__Task prompt__. Please retype every record exactly as it appears, omitting the pictures.

__Material shown__.

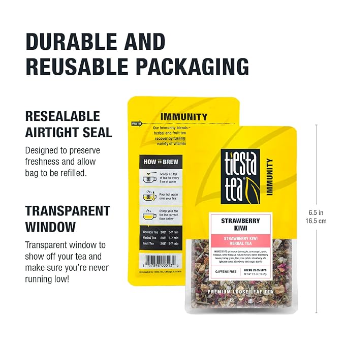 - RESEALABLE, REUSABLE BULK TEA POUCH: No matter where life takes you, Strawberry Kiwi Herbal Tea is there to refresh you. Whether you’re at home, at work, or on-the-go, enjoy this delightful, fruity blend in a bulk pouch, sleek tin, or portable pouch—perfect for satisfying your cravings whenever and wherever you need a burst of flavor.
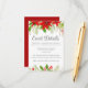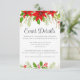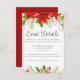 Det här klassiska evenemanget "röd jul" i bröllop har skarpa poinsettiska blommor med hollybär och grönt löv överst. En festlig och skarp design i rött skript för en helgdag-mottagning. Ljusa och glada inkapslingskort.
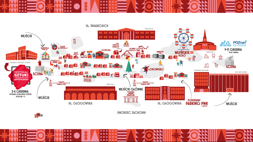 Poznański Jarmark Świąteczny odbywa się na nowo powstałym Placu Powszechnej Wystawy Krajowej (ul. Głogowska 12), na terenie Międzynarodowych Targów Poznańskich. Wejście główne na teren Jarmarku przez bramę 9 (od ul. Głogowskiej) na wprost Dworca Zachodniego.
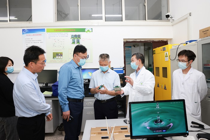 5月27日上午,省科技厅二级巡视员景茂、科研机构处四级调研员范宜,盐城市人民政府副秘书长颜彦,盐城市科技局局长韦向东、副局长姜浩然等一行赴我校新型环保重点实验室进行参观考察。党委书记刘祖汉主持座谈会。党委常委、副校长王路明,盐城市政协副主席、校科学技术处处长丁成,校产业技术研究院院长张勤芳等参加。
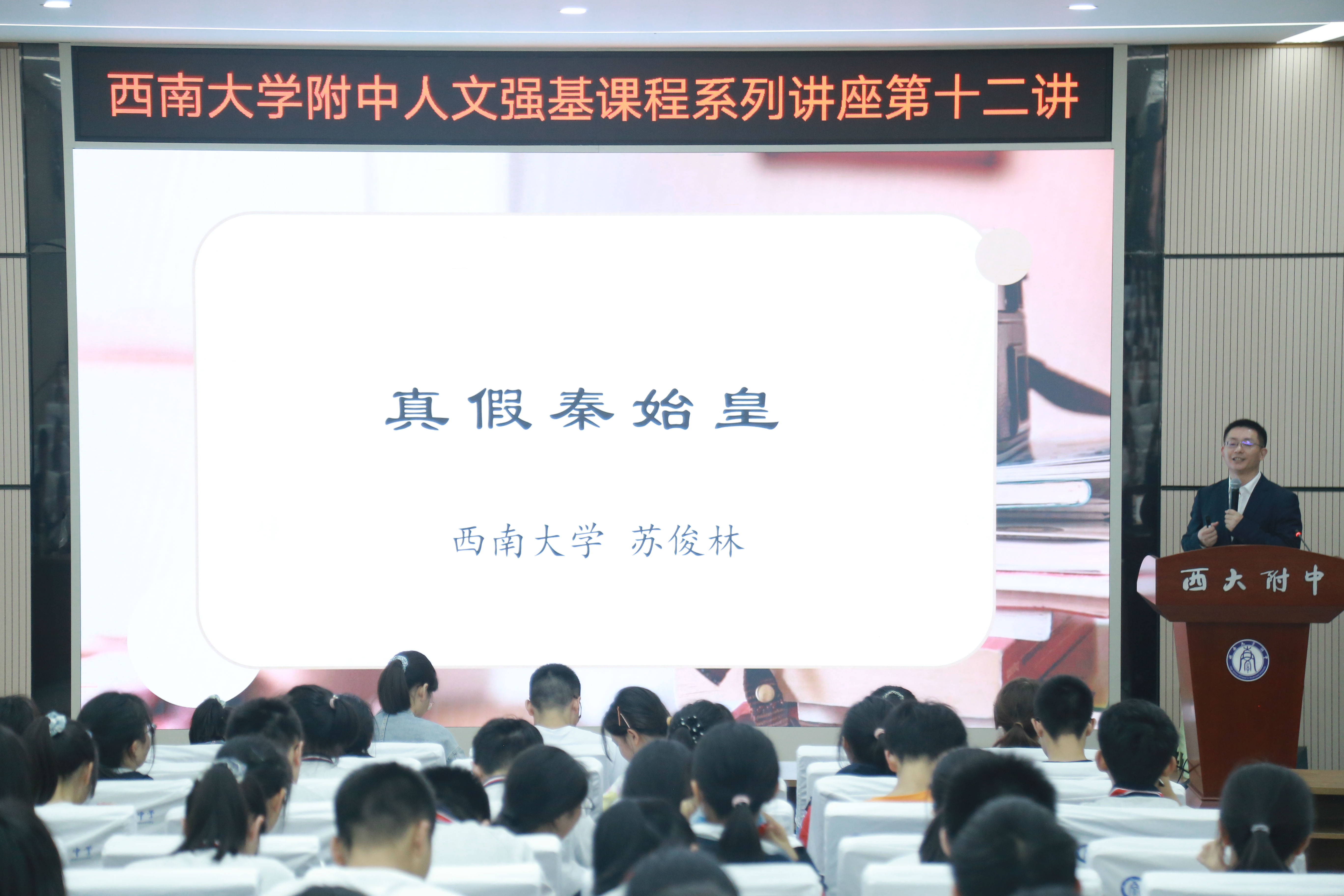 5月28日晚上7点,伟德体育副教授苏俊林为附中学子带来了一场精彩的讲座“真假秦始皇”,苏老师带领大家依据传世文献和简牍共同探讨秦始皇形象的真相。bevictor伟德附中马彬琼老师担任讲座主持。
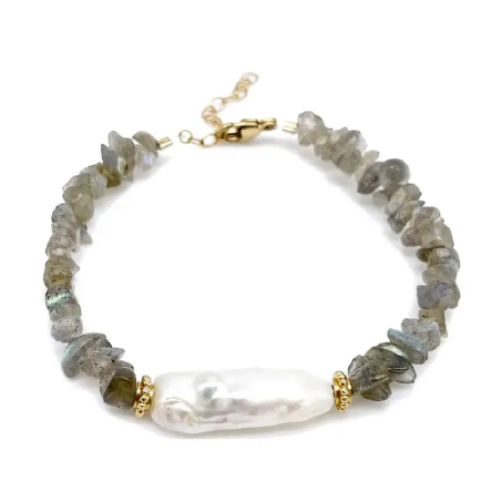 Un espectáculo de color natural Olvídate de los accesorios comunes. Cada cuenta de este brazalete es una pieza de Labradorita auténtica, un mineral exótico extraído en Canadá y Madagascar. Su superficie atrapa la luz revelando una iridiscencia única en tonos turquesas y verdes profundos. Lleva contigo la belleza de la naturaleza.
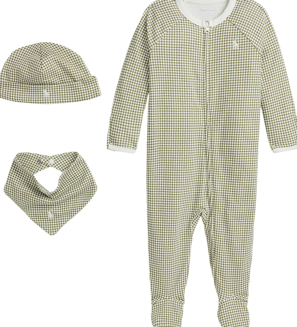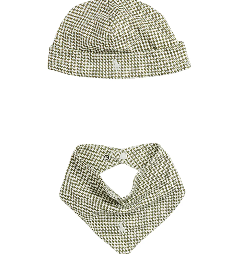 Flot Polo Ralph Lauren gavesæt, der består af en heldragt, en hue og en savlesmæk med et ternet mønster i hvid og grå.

__The completed task__.
 - RESEALABLE, REUSABLE BULK TEA POUCH: No matter where life takes you, Strawberry Kiwi Herbal Tea is there to refresh you. Whether you’re at home, at work, or on-the-go, enjoy this delightful, fruity blend in a bulk pouch, sleek tin, or portable pouch—perfect for satisfying your cravings whenever and wherever you need a burst of flavor.
 Det här klassiska evenemanget "röd jul" i bröllop har skarpa poinsettiska blommor med hollybär och grönt löv överst. En festlig och skarp design i rött skript för en helgdag-mottagning. Ljusa och glada inkapslingskort.
 Poznański Jarmark Świąteczny odbywa się na nowo powstałym Placu Powszechnej Wystawy Krajowej (ul. Głogowska 12), na terenie Międzynarodowych Targów Poznańskich. Wejście główne na teren Jarmarku przez bramę 9 (od ul. Głogowskiej) na wprost Dworca Zachodniego.
 5月27日上午,省科技厅二级巡视员景茂、科研机构处四级调研员范宜,盐城市人民政府副秘书长颜彦,盐城市科技局局长韦向东、副局长姜浩然等一行赴我校新型环保重点实验室进行参观考察。党委书记刘祖汉主持座谈会。党委常委、副校长王路明,盐城市政协副主席、校科学技术处处长丁成,校产业技术研究院院长张勤芳等参加。
 5月28日晚上7点,伟德体育副教授苏俊林为附中学子带来了一场精彩的讲座“真假秦始皇”,苏老师带领大家依据传世文献和简牍共同探讨秦始皇形象的真相。bevictor伟德附中马彬琼老师担任讲座主持。
 Un espectáculo de color natural Olvídate de los accesorios comunes. Cada cuenta de este brazalete es una pieza de Labradorita auténtica, un mineral exótico extraído en Canadá y Madagascar. Su superficie atrapa la luz revelando una iridiscencia única en tonos turquesas y verdes profundos. Lleva contigo la belleza de la naturaleza.
 Flot Polo Ralph Lauren gavesæt, der består af en heldragt, en hue og en savlesmæk med et ternet mønster i hvid og grå.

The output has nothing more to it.